Chicken Pot Pie Muffin Tin
Chicken Pot Pie Muffin Tins are a delightful twist on classic pot pie, served in individual portions and baked in a muffin tin. Here’s a recipe for these mini pot pies:
Ingredients:
- 1 cup cooked chicken, diced (rotisserie chicken works great)
- 1/2 cup frozen mixed vegetables (peas, carrots, corn), thawed
- 1 can (10 oz) cream of chicken soup
- 1/2 cup shredded cheese (optional, for extra creaminess)
- 1 can refrigerated biscuit dough (8-count)

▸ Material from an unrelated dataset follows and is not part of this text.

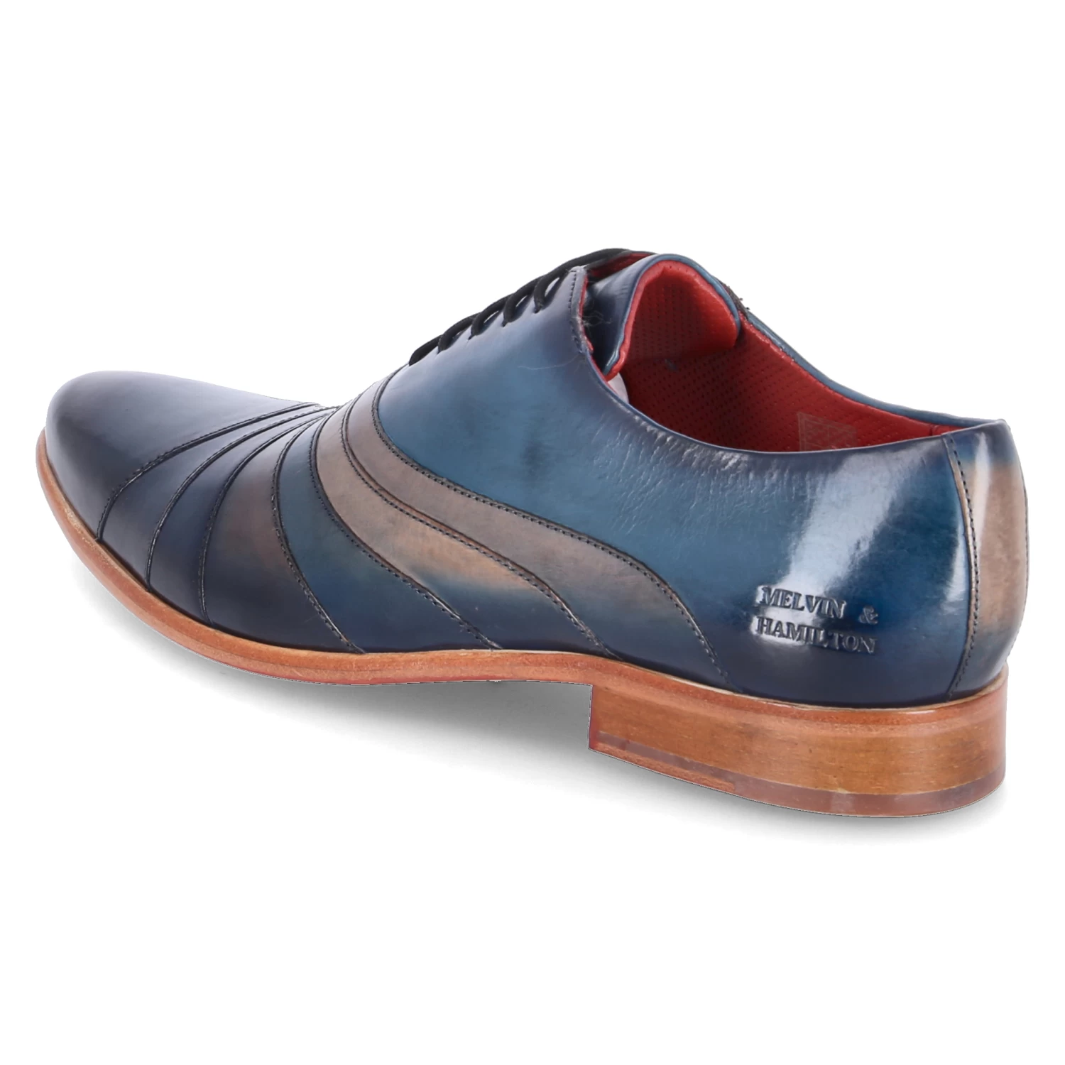 Melvin & Hamilton Herren Schnürschuhe/ Businessschuhe/ Halbschuhe TONI 43 Blau Glattleder – Teile in Lack – Schaftelemente mit Farbverlauf – verstärkte Ferse – Ziernähte – flexible Lederlaufsohle – Lederfutter – gepolsterte Lederdecksohle

- Salt and pepper, to taste
- Fresh thyme or parsley, for garnish (optional)
Instructions:
- Prepare the Filling:
- In a mixing bowl, combine the diced chicken, thawed mixed vegetables, cream of chicken soup, and shredded cheese (if using). Season with salt and pepper to taste.
- Preheat and Prepare Muffin Tin:
- Preheat your oven to 375°F (190°C).
- Lightly grease a 12-cup muffin tin.
- Assemble the Pot Pies:
- Take each biscuit from the can and flatten it out to about 4 inches in diameter.
- Press each flattened biscuit into a muffin cup, pressing it up the sides to create a small “bowl.”
- Spoon about 2 tablespoons of the chicken filling into each biscuit cup.
- Bake:
- Place the muffin tin in the oven and bake for 15-18 minutes, or until the biscuits are golden brown and cooked through.
- Garnish and Serve:
- Remove the mini pot pies from the muffin tin, garnish with fresh thyme or parsley if desired, and serve warm.
These are perfect for lunches, appetizers, or a fun family meal! Enjoy!